It has been a while since the car has gone from being a status item to becoming a necessary everyday thing. Due to the routines and habits of new lifestyles, the car has become essential for commuting to work, schools, travel and daily activities. As a result, many seek financial alternatives to be able to acquire this essential good. If you are looking for it, you come across different payment options and you have a question: What are the differences between leasing and CDC financing?
Few can and do have the willingness to buy a car in sight, either because they are short-term in value or end up weighing on financial resources. This is the installation of the vehicle as an excellent alternative for those who need a new, semi-new or used car. The most common modality in Brazil is CDC (Direct Consumer Credit) financing. However, another possibility of repaying the term is leasing. Unusual among individuals, this operation is already widely used by companies and popular in the United States.
What will be the most viable option for your pocket?
If you want the answer to this question and understand once and for all the differences between leasing and CDC financing, keep reading this text!
In order to understand the differences between leasing and CDC financing, we have decided to explain in detail how each of these forms of payment works. The so-called leasing is a kind of car rental. In it the buyer will own the property, but it will only be transferred to his name at the end of the settlement of the installments. Leasing is a contract denominated in Brazilian law as leasing and is not, therefore, a financing operation. The parties involved are called the “lessor”, in this case the banks, and “lessee” being here the future owner of the vehicle.
In practice, many have considered this form of payment more advantageous because it has, in many cases, lower interest rates, mainly because they do not include the amount of the IOF – Tax on Financial Transactions. However, it is important to analyze all the characteristics and offer of each bank, and may vary and contain some bureaucracies.

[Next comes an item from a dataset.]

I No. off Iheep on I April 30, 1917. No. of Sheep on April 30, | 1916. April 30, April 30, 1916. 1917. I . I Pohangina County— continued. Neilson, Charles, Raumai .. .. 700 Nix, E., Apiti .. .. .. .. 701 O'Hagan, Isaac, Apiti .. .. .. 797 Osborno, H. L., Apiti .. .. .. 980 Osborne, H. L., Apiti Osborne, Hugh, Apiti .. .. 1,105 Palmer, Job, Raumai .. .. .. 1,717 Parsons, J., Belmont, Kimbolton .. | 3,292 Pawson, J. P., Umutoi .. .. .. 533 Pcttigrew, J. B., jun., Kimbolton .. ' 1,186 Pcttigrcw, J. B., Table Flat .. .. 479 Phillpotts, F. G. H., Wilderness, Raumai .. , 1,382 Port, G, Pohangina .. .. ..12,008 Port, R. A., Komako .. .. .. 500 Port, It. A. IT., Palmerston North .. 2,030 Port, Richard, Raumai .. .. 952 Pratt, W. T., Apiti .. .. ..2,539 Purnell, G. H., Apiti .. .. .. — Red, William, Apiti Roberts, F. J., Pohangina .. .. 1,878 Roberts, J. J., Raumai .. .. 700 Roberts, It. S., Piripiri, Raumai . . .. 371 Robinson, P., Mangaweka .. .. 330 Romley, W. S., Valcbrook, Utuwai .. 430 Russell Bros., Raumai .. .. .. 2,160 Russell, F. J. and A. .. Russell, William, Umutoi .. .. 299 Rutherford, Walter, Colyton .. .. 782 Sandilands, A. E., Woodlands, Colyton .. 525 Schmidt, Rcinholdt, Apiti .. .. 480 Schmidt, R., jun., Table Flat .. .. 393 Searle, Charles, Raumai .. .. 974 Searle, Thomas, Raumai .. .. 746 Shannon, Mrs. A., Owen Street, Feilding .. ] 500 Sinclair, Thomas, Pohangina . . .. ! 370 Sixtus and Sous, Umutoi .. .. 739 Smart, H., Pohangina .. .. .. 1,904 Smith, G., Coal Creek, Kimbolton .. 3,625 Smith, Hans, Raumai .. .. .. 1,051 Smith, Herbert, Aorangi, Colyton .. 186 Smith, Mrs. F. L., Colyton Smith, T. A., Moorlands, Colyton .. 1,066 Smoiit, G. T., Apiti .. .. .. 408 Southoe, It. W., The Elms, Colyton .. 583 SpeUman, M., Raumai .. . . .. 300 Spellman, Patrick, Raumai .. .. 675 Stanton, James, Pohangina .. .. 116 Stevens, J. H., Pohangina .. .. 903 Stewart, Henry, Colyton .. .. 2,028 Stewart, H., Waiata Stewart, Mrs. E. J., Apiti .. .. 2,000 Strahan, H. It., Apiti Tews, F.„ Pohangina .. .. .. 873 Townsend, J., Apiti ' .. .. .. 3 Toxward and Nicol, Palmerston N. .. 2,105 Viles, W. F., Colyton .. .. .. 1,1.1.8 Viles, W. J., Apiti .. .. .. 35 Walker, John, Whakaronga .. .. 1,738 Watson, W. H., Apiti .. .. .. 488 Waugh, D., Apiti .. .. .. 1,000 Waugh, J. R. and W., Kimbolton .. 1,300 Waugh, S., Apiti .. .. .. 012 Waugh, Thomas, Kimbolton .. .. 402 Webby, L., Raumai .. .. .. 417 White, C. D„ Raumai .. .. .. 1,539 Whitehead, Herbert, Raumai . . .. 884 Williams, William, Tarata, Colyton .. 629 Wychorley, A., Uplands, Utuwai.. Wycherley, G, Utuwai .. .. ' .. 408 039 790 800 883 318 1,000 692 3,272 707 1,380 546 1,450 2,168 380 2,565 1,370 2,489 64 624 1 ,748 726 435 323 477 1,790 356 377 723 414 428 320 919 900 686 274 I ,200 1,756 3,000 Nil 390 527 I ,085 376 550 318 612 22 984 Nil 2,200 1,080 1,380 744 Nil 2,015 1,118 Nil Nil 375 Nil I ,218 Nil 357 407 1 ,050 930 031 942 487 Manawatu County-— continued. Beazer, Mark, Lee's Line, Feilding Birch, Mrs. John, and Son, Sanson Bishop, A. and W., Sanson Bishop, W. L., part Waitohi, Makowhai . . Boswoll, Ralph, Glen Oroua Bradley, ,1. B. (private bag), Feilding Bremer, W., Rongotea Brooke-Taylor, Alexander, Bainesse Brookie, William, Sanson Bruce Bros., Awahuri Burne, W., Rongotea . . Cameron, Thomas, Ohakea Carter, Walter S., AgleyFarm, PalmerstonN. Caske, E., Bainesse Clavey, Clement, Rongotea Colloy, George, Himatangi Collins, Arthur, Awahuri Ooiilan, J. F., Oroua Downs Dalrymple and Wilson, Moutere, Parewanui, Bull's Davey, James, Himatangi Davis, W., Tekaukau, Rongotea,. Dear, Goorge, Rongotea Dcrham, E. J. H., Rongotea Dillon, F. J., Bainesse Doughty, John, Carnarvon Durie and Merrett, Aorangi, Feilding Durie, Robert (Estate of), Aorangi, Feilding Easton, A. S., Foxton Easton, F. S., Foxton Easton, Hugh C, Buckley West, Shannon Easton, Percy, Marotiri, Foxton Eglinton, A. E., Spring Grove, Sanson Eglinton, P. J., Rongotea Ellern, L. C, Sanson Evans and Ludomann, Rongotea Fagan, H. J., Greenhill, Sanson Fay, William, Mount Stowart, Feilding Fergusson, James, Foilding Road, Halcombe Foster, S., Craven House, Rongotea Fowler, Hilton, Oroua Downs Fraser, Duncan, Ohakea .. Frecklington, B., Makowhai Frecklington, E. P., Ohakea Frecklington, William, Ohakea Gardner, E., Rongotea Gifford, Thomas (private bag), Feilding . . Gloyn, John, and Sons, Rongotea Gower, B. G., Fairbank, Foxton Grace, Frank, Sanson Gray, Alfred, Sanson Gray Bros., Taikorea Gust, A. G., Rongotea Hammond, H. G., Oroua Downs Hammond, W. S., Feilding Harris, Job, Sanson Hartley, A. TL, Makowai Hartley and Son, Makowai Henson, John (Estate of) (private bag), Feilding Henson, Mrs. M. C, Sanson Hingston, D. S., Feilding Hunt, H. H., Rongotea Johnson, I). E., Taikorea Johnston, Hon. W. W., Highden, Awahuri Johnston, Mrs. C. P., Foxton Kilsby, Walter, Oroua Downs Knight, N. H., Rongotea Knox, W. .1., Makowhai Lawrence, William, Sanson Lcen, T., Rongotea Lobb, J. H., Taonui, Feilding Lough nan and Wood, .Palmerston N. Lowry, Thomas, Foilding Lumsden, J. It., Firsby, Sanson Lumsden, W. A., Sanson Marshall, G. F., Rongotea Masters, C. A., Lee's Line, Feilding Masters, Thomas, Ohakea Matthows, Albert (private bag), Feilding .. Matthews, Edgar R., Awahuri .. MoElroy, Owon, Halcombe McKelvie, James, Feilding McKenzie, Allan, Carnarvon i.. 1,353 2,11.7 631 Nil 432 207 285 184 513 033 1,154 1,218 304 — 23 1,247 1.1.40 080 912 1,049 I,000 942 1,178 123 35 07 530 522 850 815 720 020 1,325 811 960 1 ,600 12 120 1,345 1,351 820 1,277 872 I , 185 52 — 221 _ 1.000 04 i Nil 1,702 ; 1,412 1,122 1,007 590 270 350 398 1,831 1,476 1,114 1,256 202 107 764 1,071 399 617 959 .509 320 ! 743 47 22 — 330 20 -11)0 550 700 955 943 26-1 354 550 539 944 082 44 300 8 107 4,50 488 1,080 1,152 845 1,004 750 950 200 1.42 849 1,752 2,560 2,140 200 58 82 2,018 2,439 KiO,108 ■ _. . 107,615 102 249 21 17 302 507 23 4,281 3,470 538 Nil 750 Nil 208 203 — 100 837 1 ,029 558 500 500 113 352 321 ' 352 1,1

Among the main points of the lease is that there are no contracts with terms less than 24 months and can only be settled in advance, if there is interest, after three months or have paid 30% of the value of the car. However, in all cases, when the lesser opts for early discharge, there is a contract termination penalty that usually ranges from 3% to 5%. In addition, for discharge between three and 24 months, a third party must be appointed to transfer ownership. That is, the car will not be in the name of the lessee. Only after the 24th month following the commencement of the lease can the vehicle be transferred to the lessee’s name.

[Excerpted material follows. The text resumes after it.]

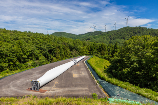 また、敷地内には50メートルを超える巨大な予備のブレード(羽根)が保管されています。

The time has come to understand a little more about the differences between leasing and CDC financing, knowing all the details about this second form of payment. The CDC basically consists of the buyer making a kind of loan in a bank, with a certain amount of interest that varies according to the amount of installments to be paid. Unlike leasing, at CDC the car will be in the name of the buyer, but sold to the financial institution that financed it. This way, this vehicle is collateralised in a possible debt. The CDC has higher interest, when compared to leasing, because it includes the IOF.However, the biggest advantage of this type of payment is the possibility that the buyer can repay all or part of the debt at any time, with the possibility of reducing the interest that would be charged in future in installments. In addition,
Differences between leasing and CDC financing
It lies mainly in the issues of interest and rigidity when paying installments. While leasing has a lower interest rate and may ultimately yield big savings, in CDC you are not tied to deadlines, allowing you to pay off your debt, or part of it, whenever you want, making it possible to lower future values. In the latter case, you have more freedom if some extra money comes up and you want to get rid of the installments.
In addition, another point to note about the differences between leasing and CDC financing is vehicle ownership. While in the first, the vehicle stays in the bank’s name until the end of the payment, in the second, the car is already going to the buyer’s name from the beginning. In both cases there is a risk of the car being taken over by the bank in case of debt.
When choosing leasing or CDC
The consumer should keep in mind his intentions with the vehicle and his long-term financial situation. Do you intend to buy a car and spend a lot of time with it? So maybe leasing is a good option. Do you intend to buy provisionally until you can get extra money and buy a better vehicle? So think carefully about CDC financing. Is your income unstable, having times when extra earnings come in and it gives a breather in your finances? So take a good look at whether it is better to invest the money coming in and keep it from leasing, or if you prefer to pay off more installments at one time over CDC financing.
We hope we have helped you understand the differences between leasing and CDC financing. If you are thinking of buying a new car but still have questions about what is the best deal for you, contact one of our retailers!